Причем совсем не в сторону дома.
Я запрокинула голову, выдохнув горечь и обиду в синее октябрьское небо, которое еще полчаса назад поднимало мне настроение, вдохнула запах прелых листьев и пошла домой. За спиной остался проклятый лес, в который я больше не войду никогда, пока еще дышу.
Черные мешки с листьями попадались по пути все чаще, как будто на что-то намекая. Настроение у меня было перед новой рабочей неделей – просто огонь! И еще обед с Сергеем Андреевичем впереди. Главное, не начать случайно ныть при нем. Для этого у меня есть мама и Ирка.
Я так задумалась, что заметила соседа, только когда уже поздно было сворачивать и красться с другой стороны дома. Он стоял рядом со здоровенным черным «Лендровером» и орал в телефон:
– И на суд тоже не приеду! Не хочу! Ты это все затеяла, а я теперь чем-то обязан?
Ну что ж, по крайней мере не только мне достается от его паршивого характера. Надо же, мне ведь показалось в магазине, что он жутко обаятельный. Где были мои глаза?
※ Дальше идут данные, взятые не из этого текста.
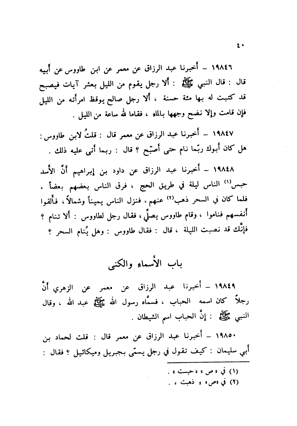 ١٩٨٤٧ - أَخْبَرَنَا عَبْدُ الرَّزَّاقِ، عَنْ مَعْمَرٍ، قَالَ: قُلْتُ لِابْنِ طَاوُسٍ: هَلْ كَانَ أَبُوكَ رُبَّمَا نَامَ حَتَّى أَصْبَحَ؟ قَالَ: «رُبَّمَا أَتَى عَلَيْهِ ذَلِكَ»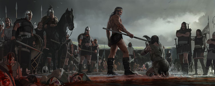 A lot of effort for a keyframe that didn't end up in the film....at least not with as many characters. Beowulf looks daft in his speedos ...some of the background guys look ok.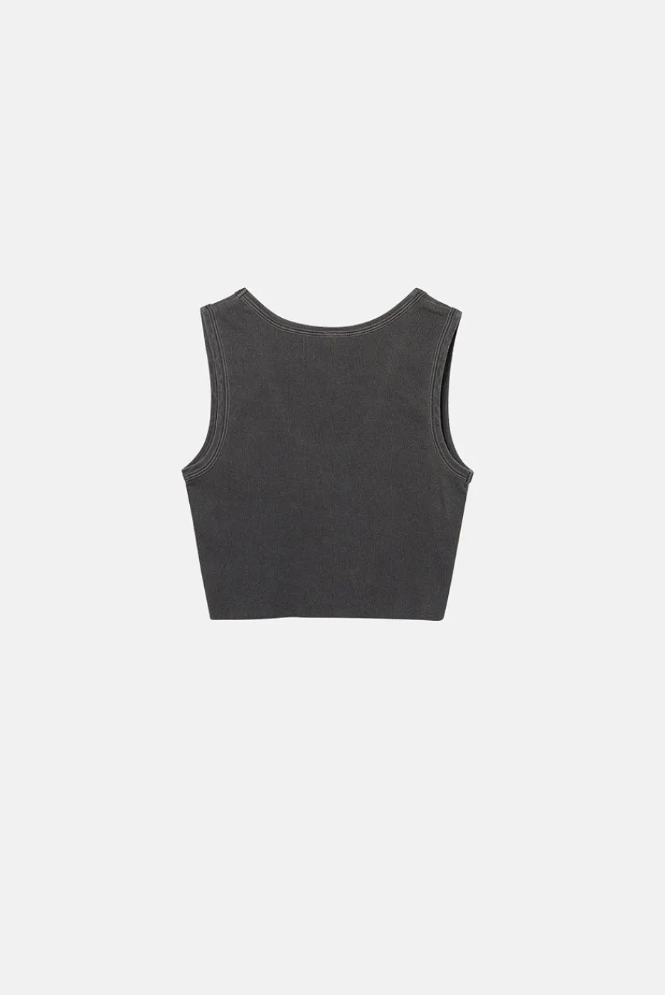 100% ORGANIC COTTON5 OZ SOFT RIBCROP FITRAW EDGESINGLE STITCHEDA 100% cotton rib tank with a vintage-inspired, cropped r…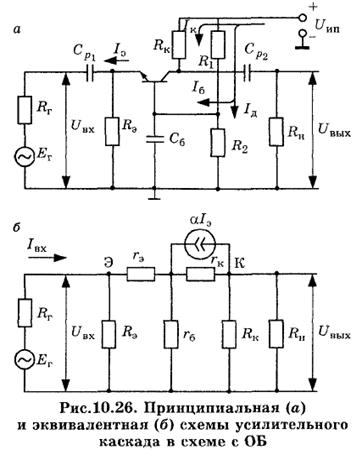 Усилительный каскад на биполярном транзисторе, включенном по схеме с общей базой, может использовать один или два источника питания. Рассмотрим каскад с ОБ с одним источником питания, принципиальная схема которого приведена на рис. 10.26, а. В этом каскаде для создания оптимального тока базы в режиме покоя 1бо, обеспечивающего работу усилительного каскада на линейном участке входной характеристики, служат резисторы R1 и R2. Конденсатор Сб имеет в полосе пропускания усилителя сопротивление значительно меньше R2, и падение напряжения на нем от переменной составляющей тока мало, поэтому можно считать, что по переменной составляющей тока база соединена с общей точкой усилительного каскада. Входное напряжение подается между эмиттером и базой через разделительный конденсатор Ср1. Выходное напряжение снимается между коллектором и базой через разделительный конденсатор Ср2. Резистор Rэ служит для прохождения постоянной составляющей тока эмиттера и для того, чтобы Rэ не шунтировало входное сопротивление каскада, оно на два-три порядка выше этого сопротивления каскада.

В этот момент он меня и заметил.
– Ева! – рявкнул он тем же тоном, что и в трубку. – Ч-ч-черт… – уже мягче в телефон.
Он только глянул на меня, а я уже готова была плюнуть на приличия и собиралась перепрыгнуть через клумбу, чтобы спастись бегством и укрыться в подъезде. Потом посмотрел на телефон, выключил его и сделал шаг вперед, перегораживая мне обходной путь.
– Что? – устало спросила я.
Конечно, я отметила, что он прекрасно выглядит. И стильный бежевый шарф поверх тонкого свитера, и вызывающе-желтые ботинки, и запутавшийся в волосах крошечный желтый листик липы, будто он тоже в этот когда-то прекрасный воскресный день гулял под листопадом.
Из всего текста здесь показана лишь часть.